# TASK BRIEF:
Among the records below, find the line with "此次论坛由教育部、上海市人民" and the line with "EFG plot for". Set down both and every line between, exactly and with no pictures, but nothing else.

# INFORMATION:
--- START ---
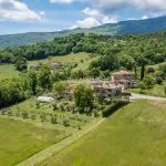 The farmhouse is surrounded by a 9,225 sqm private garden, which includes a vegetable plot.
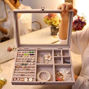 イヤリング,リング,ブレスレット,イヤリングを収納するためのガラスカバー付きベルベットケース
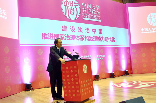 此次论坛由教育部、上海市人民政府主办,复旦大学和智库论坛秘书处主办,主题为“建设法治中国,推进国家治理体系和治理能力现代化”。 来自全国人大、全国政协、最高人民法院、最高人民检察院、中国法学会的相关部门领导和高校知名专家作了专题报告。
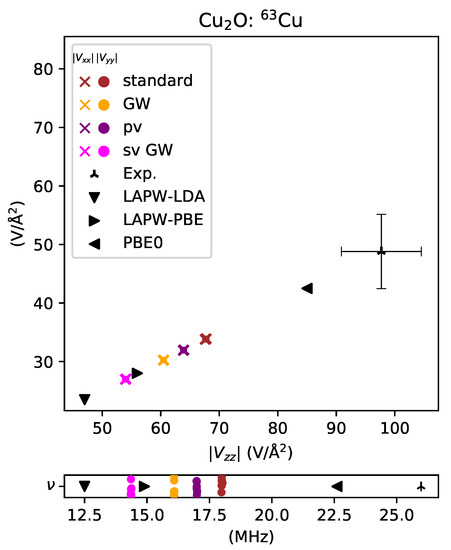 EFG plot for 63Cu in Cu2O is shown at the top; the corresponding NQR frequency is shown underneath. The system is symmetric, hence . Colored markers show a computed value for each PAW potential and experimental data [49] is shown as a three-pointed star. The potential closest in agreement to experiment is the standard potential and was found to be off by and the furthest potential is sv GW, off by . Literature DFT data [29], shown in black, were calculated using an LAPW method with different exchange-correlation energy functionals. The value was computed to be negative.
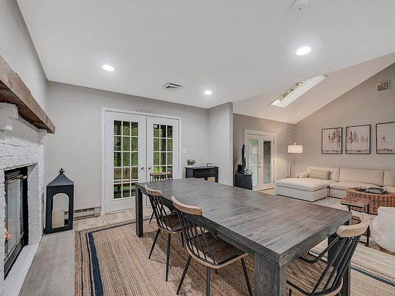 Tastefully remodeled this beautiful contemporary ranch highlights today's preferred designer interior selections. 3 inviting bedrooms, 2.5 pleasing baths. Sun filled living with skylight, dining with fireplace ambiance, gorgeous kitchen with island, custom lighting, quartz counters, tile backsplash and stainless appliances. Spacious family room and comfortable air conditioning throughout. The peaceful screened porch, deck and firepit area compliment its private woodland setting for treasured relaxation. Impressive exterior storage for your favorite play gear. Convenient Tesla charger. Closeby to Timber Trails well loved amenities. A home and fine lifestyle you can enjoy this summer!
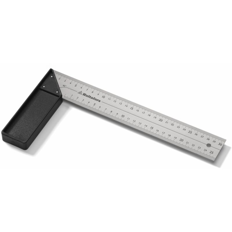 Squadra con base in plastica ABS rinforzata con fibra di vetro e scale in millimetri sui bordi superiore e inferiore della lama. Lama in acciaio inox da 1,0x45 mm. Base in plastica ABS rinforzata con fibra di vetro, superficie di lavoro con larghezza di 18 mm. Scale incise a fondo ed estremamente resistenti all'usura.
--- END ---
--- START ---
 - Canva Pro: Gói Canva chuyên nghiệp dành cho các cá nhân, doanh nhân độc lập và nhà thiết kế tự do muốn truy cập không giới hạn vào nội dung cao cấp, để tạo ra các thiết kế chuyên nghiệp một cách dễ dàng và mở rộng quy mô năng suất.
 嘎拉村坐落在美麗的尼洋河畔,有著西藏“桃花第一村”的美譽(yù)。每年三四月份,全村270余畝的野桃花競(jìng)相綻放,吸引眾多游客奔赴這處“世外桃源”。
--- END ---
# EXERCISE SOLUTION:
 此次论坛由教育部、上海市人民政府主办,复旦大学和智库论坛秘书处主办,主题为“建设法治中国,推进国家治理体系和治理能力现代化”。 来自全国人大、全国政协、最高人民法院、最高人民检察院、中国法学会的相关部门领导和高校知名专家作了专题报告。
 EFG plot for 63Cu in Cu2O is shown at the top; the corresponding NQR frequency is shown underneath. The system is symmetric, hence . Colored markers show a computed value for each PAW potential and experimental data [49] is shown as a three-pointed star. The potential closest in agreement to experiment is the standard potential and was found to be off by and the furthest potential is sv GW, off by . Literature DFT data [29], shown in black, were calculated using an LAPW method with different exchange-correlation energy functionals. The value was computed to be negative.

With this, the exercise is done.